→ DATA BLOCK:

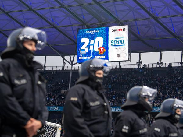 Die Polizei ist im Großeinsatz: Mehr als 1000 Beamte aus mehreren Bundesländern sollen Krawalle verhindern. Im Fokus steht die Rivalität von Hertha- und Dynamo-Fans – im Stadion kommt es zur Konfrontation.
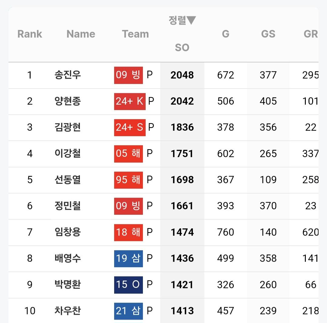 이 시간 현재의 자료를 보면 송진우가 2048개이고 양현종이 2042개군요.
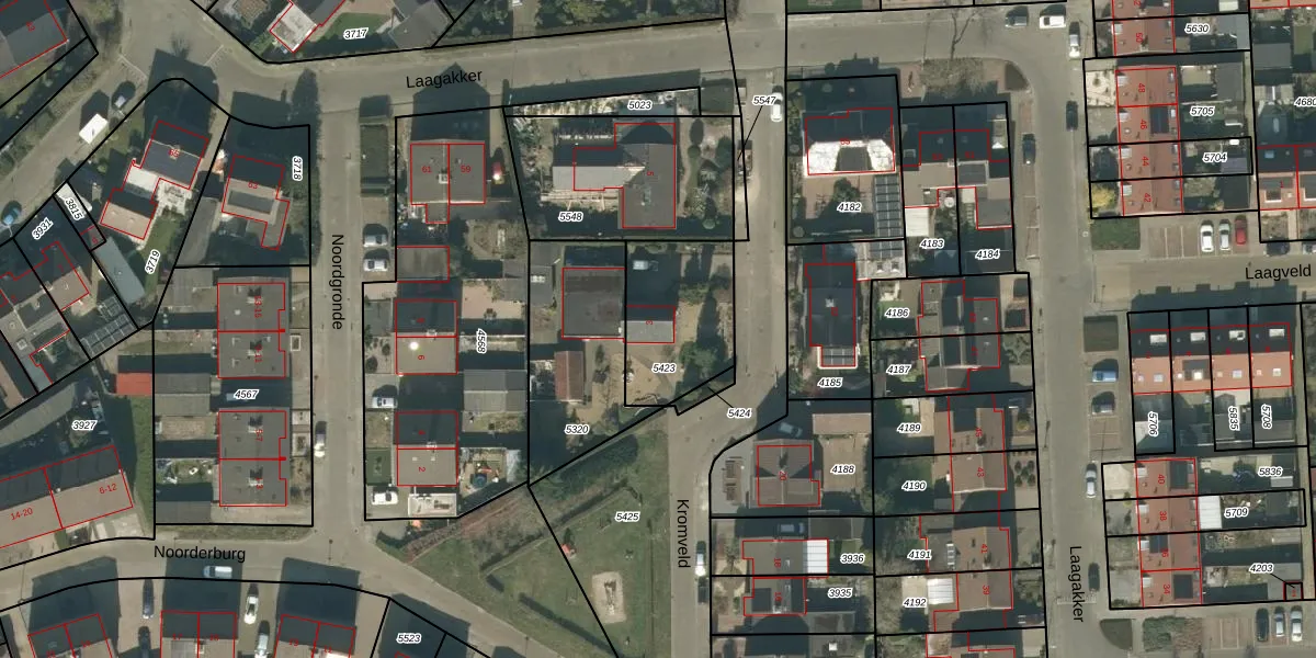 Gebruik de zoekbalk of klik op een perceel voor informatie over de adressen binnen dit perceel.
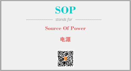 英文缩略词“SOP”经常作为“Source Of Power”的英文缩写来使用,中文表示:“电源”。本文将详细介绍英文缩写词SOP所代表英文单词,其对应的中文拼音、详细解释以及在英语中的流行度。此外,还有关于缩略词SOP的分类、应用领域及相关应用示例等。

→ TASK BRIEF:
Pictures do not belong in the copy. Reproduce the rest of the data exactly.

→ ANSWER FOR THIS EXERCISE:
 Die Polizei ist im Großeinsatz: Mehr als 1000 Beamte aus mehreren Bundesländern sollen Krawalle verhindern. Im Fokus steht die Rivalität von Hertha- und Dynamo-Fans – im Stadion kommt es zur Konfrontation.
 이 시간 현재의 자료를 보면 송진우가 2048개이고 양현종이 2042개군요.
 Gebruik de zoekbalk of klik op een perceel voor informatie over de adressen binnen dit perceel.
 英文缩略词“SOP”经常作为“Source Of Power”的英文缩写来使用,中文表示:“电源”。本文将详细介绍英文缩写词SOP所代表英文单词,其对应的中文拼音、详细解释以及在英语中的流行度。此外,还有关于缩略词SOP的分类、应用领域及相关应用示例等。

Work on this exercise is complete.